General Motors (GM) is actively lobbying against California’s stringent electric vehicle (EV) mandate, which requires 35% of new car sales to be EVs or plug-in hybrids by 2026. GM argues that the current market conditions, including lagging EV demand and economic concerns, make the mandate challenging to meet. The company has encouraged employees to contact senators to advocate against the mandate, emphasizing threats to affordability and consumer choice. This move has sparked a broader debate about the feasibility of California’s ambitious EV goals.
Background of California’s EV Mandate
In 2022, California introduced the Advanced Clean Cars II (ACC II) rule, mandating that 35% of new car sales be zero-emission vehicles (ZEVs) by 2026, increasing to 68% by 2030, and ultimately banning the sale of new gasoline-powered vehicles by 2035. This regulation was granted a waiver by the U.S. Environmental Protection Agency (EPA), allowing California to set stricter emissions standards than federal regulations.
The mandate has been adopted by 11 other states, collectively representing approximately 40% of the U.S. auto market. Proponents argue that the rule is essential for reducing greenhouse gas emissions and combating climate change. However, the automotive industry has expressed concerns about the feasibility of meeting these targets.
GM’s Opposition to the Mandate
GM, a member of the Alliance for Automotive Innovation, has been vocal in its opposition to California’s EV mandate. The company has cited several reasons for its stance, including:
- Market Demand: Despite efforts to promote EV adoption, GM notes that EV sales have not met expectations. In the first quarter of 2025, only 20.8% of new vehicles sold in California were all-electric, with an additional 3.7% being plug-in hybrids.
- Economic Concerns: GM warns that the mandate could lead to increased vehicle prices, reduced consumer choice, and potential job losses in the automotive sector.
- Infrastructure Challenges: The company points to the lack of sufficient charging infrastructure as a barrier to widespread EV adoption.

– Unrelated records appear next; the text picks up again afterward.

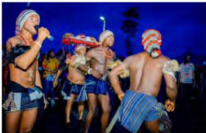
War Dancers Performing

particular ethnic cultures. We need to articulate a serious state policy that has to do with putting our culture together purposefully to unite the Igbo nations and achieve development at the end of the day. The envisioned Abia state policy thrust on culture and tourism must recognize the imperative of an intellectually driven cultural/tourism program. Tourism provides economic and employment opportunities. A key component within this envisioned Abia state policy thrust on culture and tourism strategy should be to increase tourism accessibility. ment, then we must really have to do our homework well and get our culture in such a way as to make it attractive. The black diaspora, the African Americans want to connect physically with us but there has to be something, a draw, that brings them here. Our tourism sites, like the Azumini blue river, the caves in Arochukwu etc, would have seen having constant inflows if we had done the right things from time.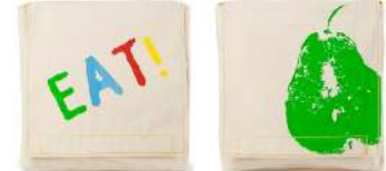
GOOD EATS SET OF 2 SP-EAT-02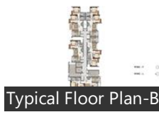
Typical Floor Plan-B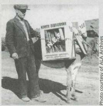
A donkey serves as an early bookmobile for the American Institute in Anatolia.

memorative brochures, signs, forms, and catalog and library cards from public,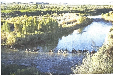
Trail rides through private acres of the Sonoran desert include crossing the Verde River. WE-KO-PA RESORT & CONFERENCE CENTER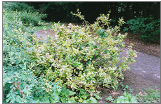
E.T. Gold Wintercreeper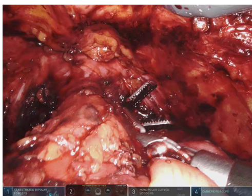
Figure 2 Robot-assisted AUS implantation in a female patient. Dissection of the posterior aspect of the bladder neck. AUS, artificial urinary sphincter.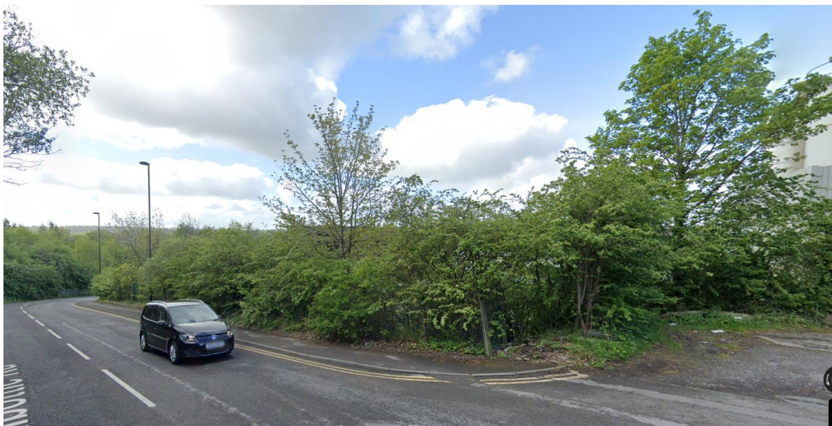
Fig 2 embankment vegetation to be removed at the lower end of Walbottle Road (southern end Tree Survey Group5)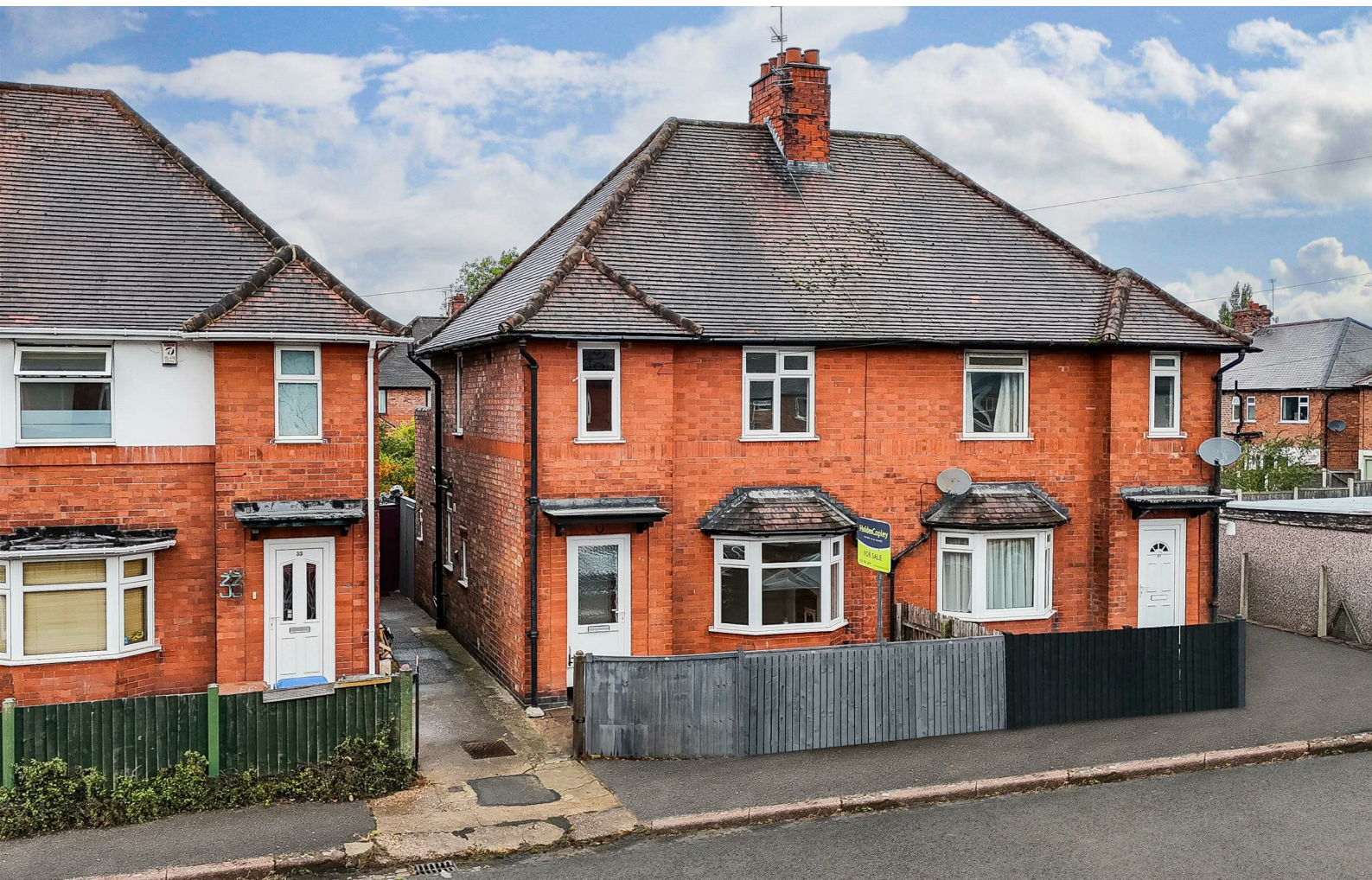
George Avenue, Long Eaton, Derbyshire NG10 2BP

In response to the mandate, GM has encouraged its employees to contact senators to advocate against the rule, emphasizing the potential negative impacts on affordability and consumer choice.
Industry-Wide Concerns
GM is not alone in its opposition. Other automakers and industry groups have also expressed concerns about California’s EV mandate. The Alliance for Automotive Innovation, which represents major automakers including GM, Toyota, and Volkswagen, has called for a revision of the mandate to better align with market realities.
Industry representatives argue that the 35% ZEV sales target for 2026 is unattainable given current sales trends. They also warn that the mandate could lead to penalties for automakers who fail to meet the targets, further straining the industry.
Political and Legal Implications
The debate over California’s EV mandate has reached the federal level. In early 2025, the U.S. House of Representatives passed a resolution under the Congressional Review Act to repeal the EPA’s waiver granting California the authority to set stricter emissions standards. The resolution now moves to the Senate, where its future remains uncertain.
If the Senate approves the resolution and President Donald Trump signs it into law, California’s EV mandate could be effectively nullified. However, legal challenges are expected, and the issue may ultimately be decided by the courts.
Conclusion
General Motors’ opposition to California’s aggressive EV mandate underscores the challenges automakers face in transitioning to electric vehicles. While the goal of reducing greenhouse gas emissions is widely supported, the feasibility of achieving such ambitious targets remains a topic of debate. As the situation develops, it will be crucial to balance environmental objectives with economic realities to ensure a sustainable and equitable transition to electric mobility.